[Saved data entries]
◇ ◇ ◇ ◇ ◇ ◇ ◇

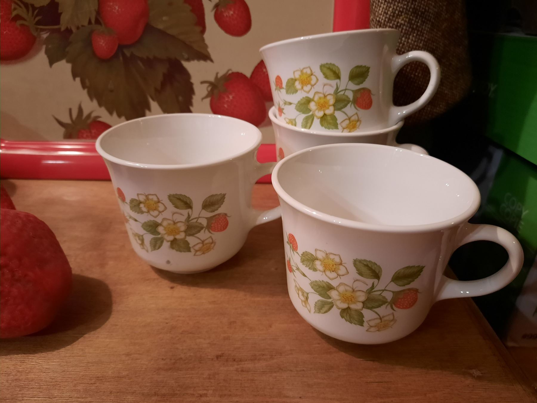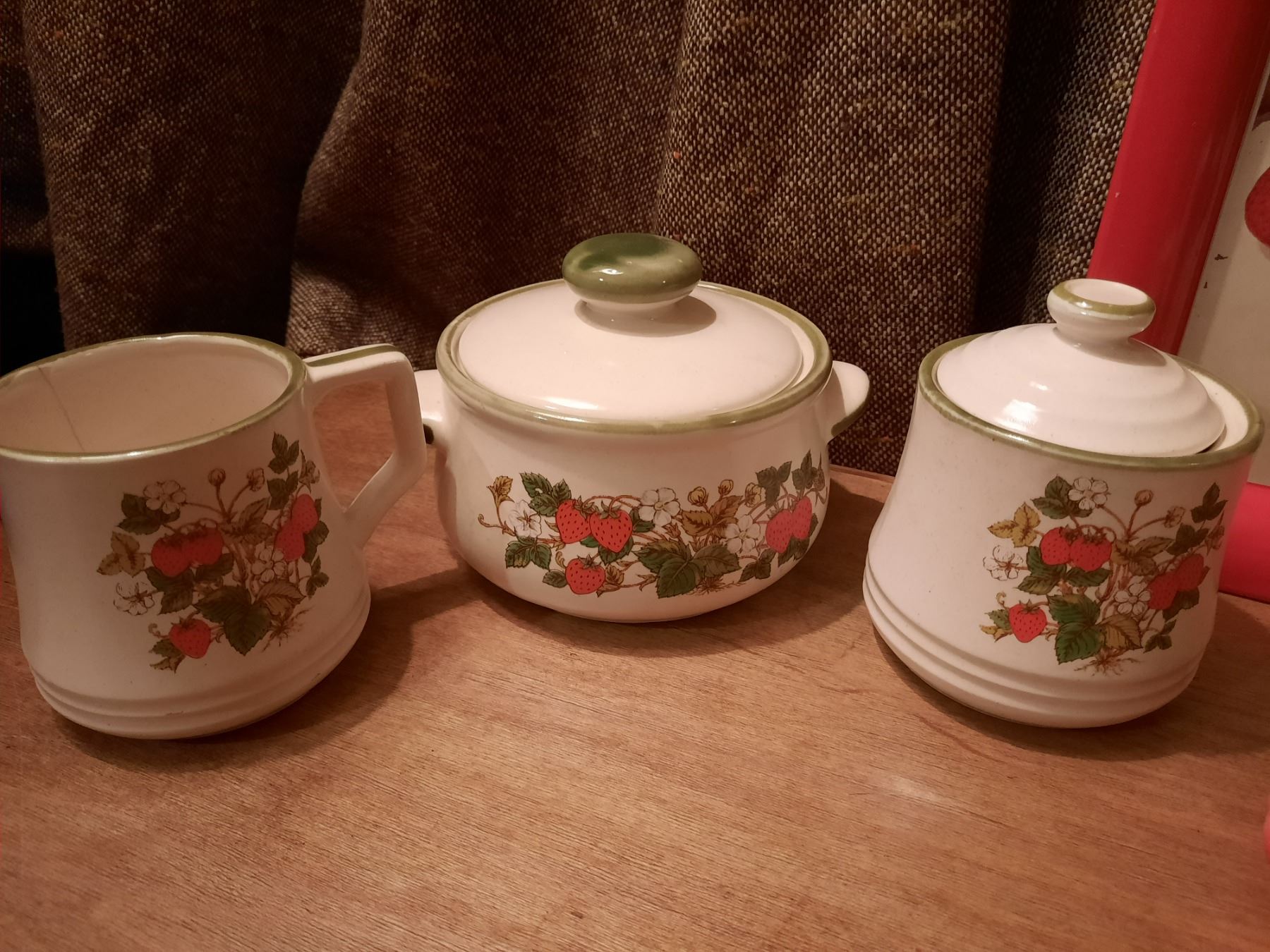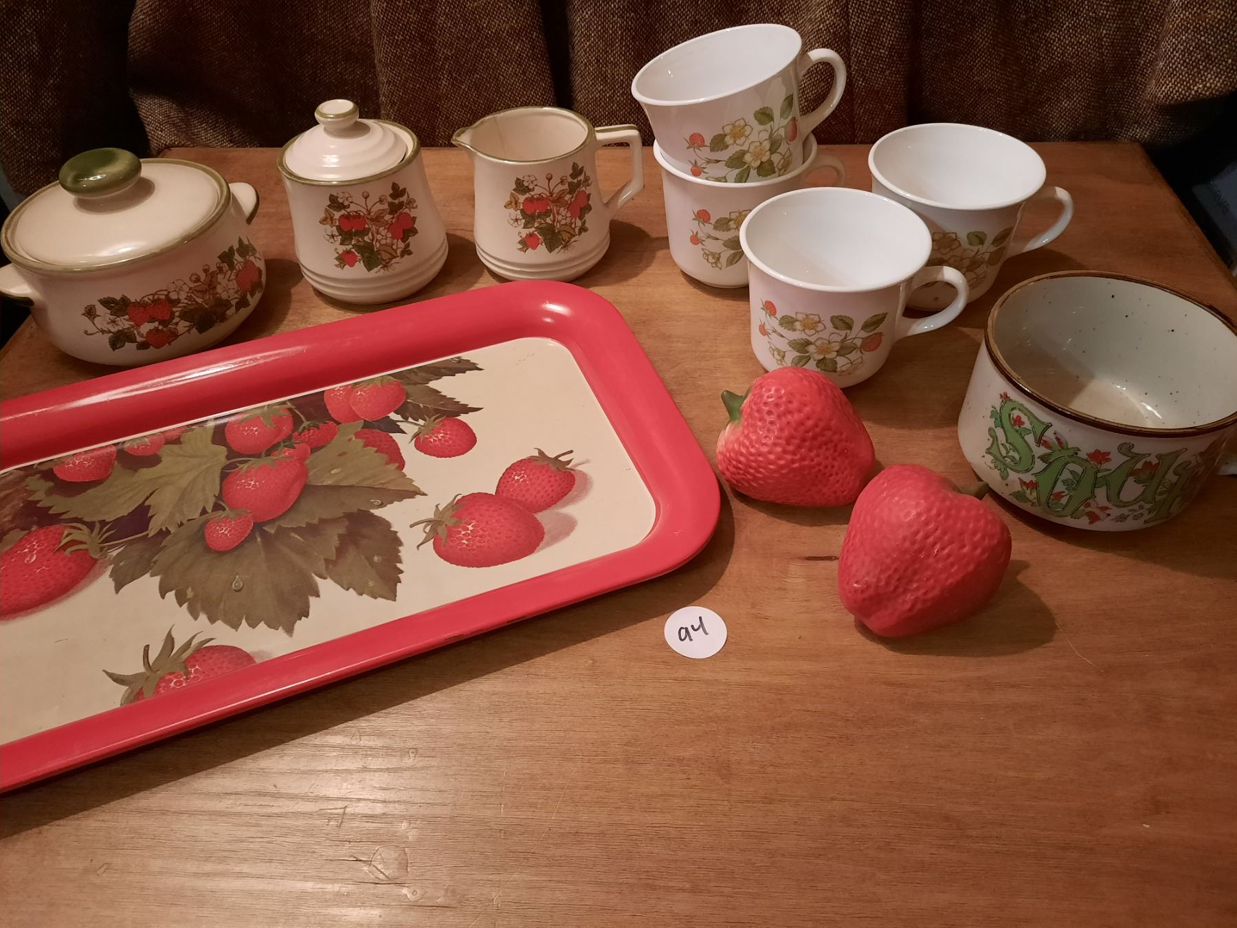 Stawberry Cups (Corelle), Tray, S&P, Cream & Sugar
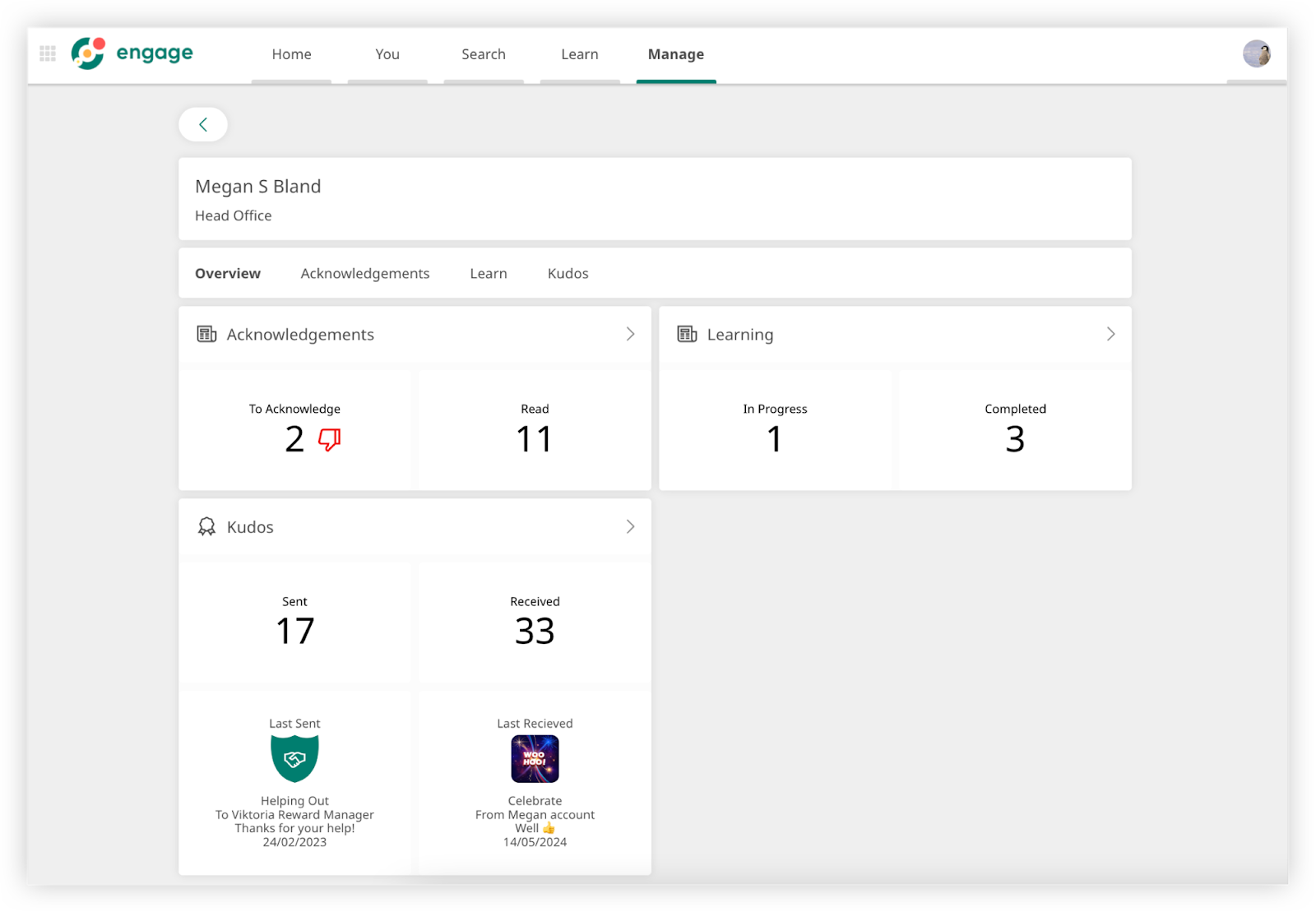 We’ve introduced a new user engagement area, accessible through the Manage page on the web. This feature provides insights into how your employees are interacting with Ocasta Engage. By selecting a specific user, you can view detailed statistics on acknowledgements read, courses in progress and completed, and kudos sent and received.
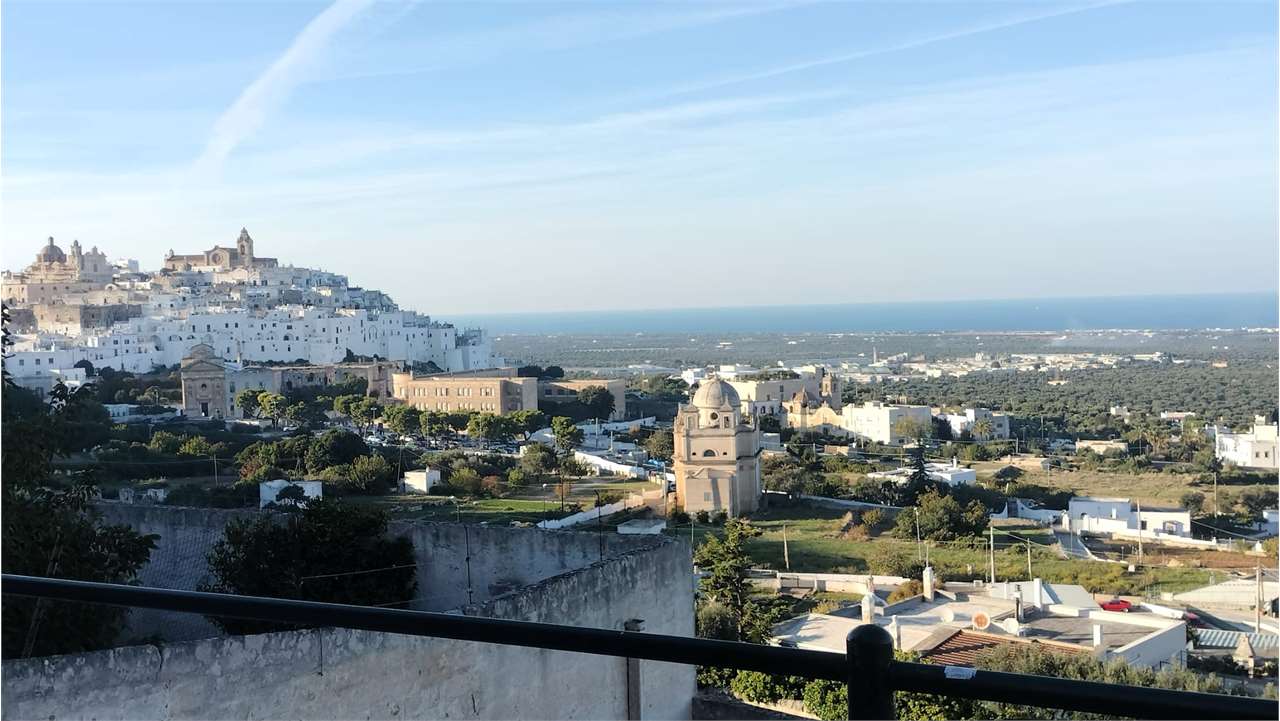 LAMIA in PIETRA sita in OSTUNI alla Contrada Candelora, destinazione deposito, composta da un vano con camino e area esterna pertinenziale, oltre a terreno circostante di circa mq. 9.869 con alberi di ulivo. VISTA PANORAMICA sul centro storico di OSTUNI, la “Citta bianca”. Antistante la lamia vi è un ombreggiante in struttura provvisoria.
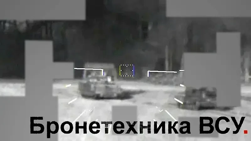 В прицел вертолетов попали как движущиеся американские БМП M2A2 Bradley ODS-SA и танк, так и брошенные инженерные машины ВСУ. Причем, судя по кадрам, работали по противнику наши пилоты с достаточно близкого расстояния в темное время суток.
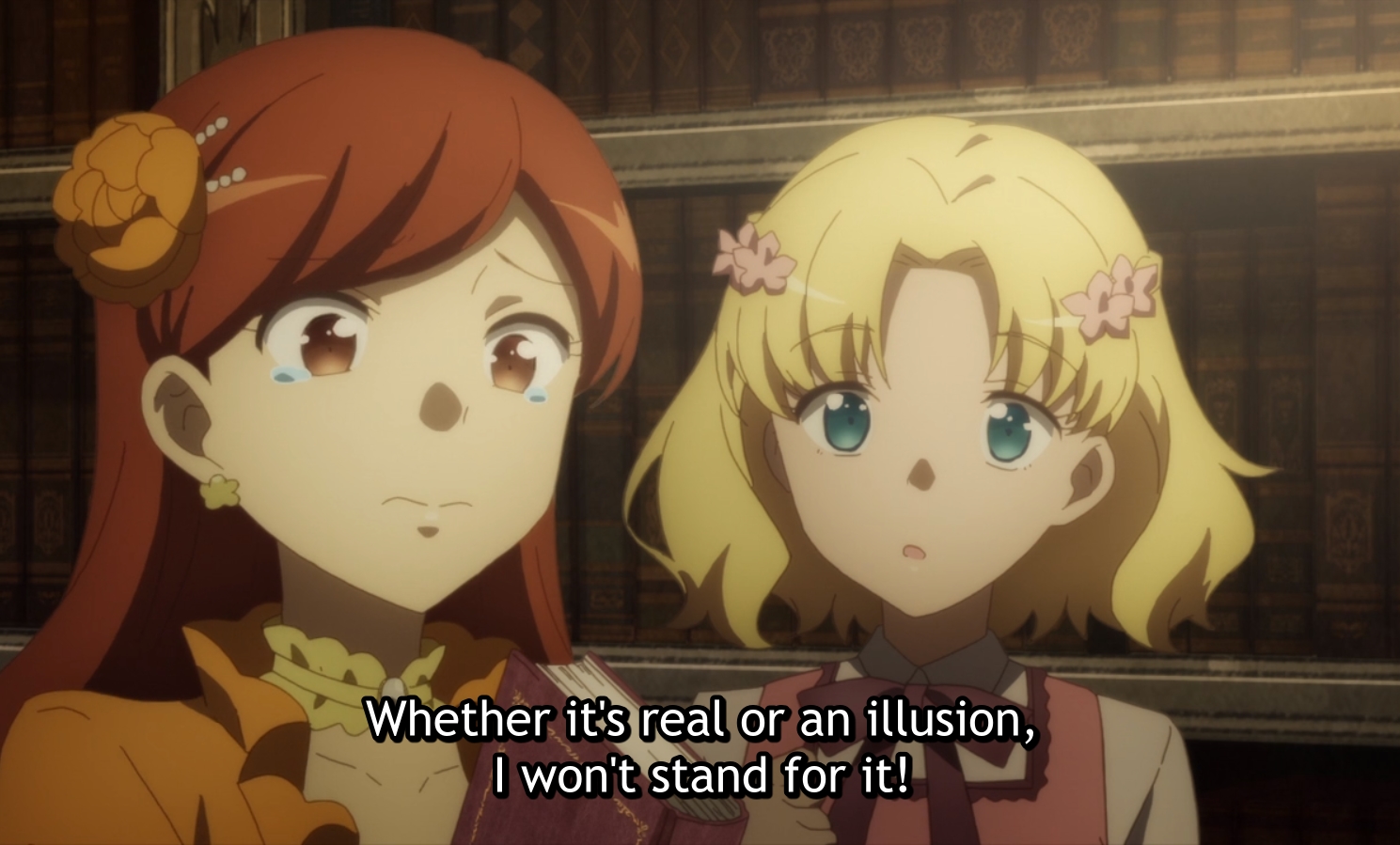 The next scene was Sophia’s, and it was rather sweet. I like little dreams. Sophia and Catarina were in a library again but not the same library. This was Sophia’s private library and Catarina was really impressed by the wealth of romance novels available. She even mentioned wanting to live there which stirred up something in Sophia. The latter reacted by pinning Catarina to the wall with her arms on either side, all aggressive boy in a shoujo type. It was pretty funny to watch, especially as Sophia is markedly shorter. I’m not sure if they were going for actually romantic feelings here or a very strong friendship but either way, it was cute. Cute enough for Mary to slam the book shut again.

◇ ◇ ◇ ◇ ◇ ◇ ◇

= WHAT IS BEING ASKED =
Images stay out; the entries above are to be printed exactly.

= RESULT OF THE TASK =
 Stawberry Cups (Corelle), Tray, S&P, Cream & Sugar
 We’ve introduced a new user engagement area, accessible through the Manage page on the web. This feature provides insights into how your employees are interacting with Ocasta Engage. By selecting a specific user, you can view detailed statistics on acknowledgements read, courses in progress and completed, and kudos sent and received.
 LAMIA in PIETRA sita in OSTUNI alla Contrada Candelora, destinazione deposito, composta da un vano con camino e area esterna pertinenziale, oltre a terreno circostante di circa mq. 9.869 con alberi di ulivo. VISTA PANORAMICA sul centro storico di OSTUNI, la “Citta bianca”. Antistante la lamia vi è un ombreggiante in struttura provvisoria.
 В прицел вертолетов попали как движущиеся американские БМП M2A2 Bradley ODS-SA и танк, так и брошенные инженерные машины ВСУ. Причем, судя по кадрам, работали по противнику наши пилоты с достаточно близкого расстояния в темное время суток.
 The next scene was Sophia’s, and it was rather sweet. I like little dreams. Sophia and Catarina were in a library again but not the same library. This was Sophia’s private library and Catarina was really impressed by the wealth of romance novels available. She even mentioned wanting to live there which stirred up something in Sophia. The latter reacted by pinning Catarina to the wall with her arms on either side, all aggressive boy in a shoujo type. It was pretty funny to watch, especially as Sophia is markedly shorter. I’m not sure if they were going for actually romantic feelings here or a very strong friendship but either way, it was cute. Cute enough for Mary to slam the book shut again.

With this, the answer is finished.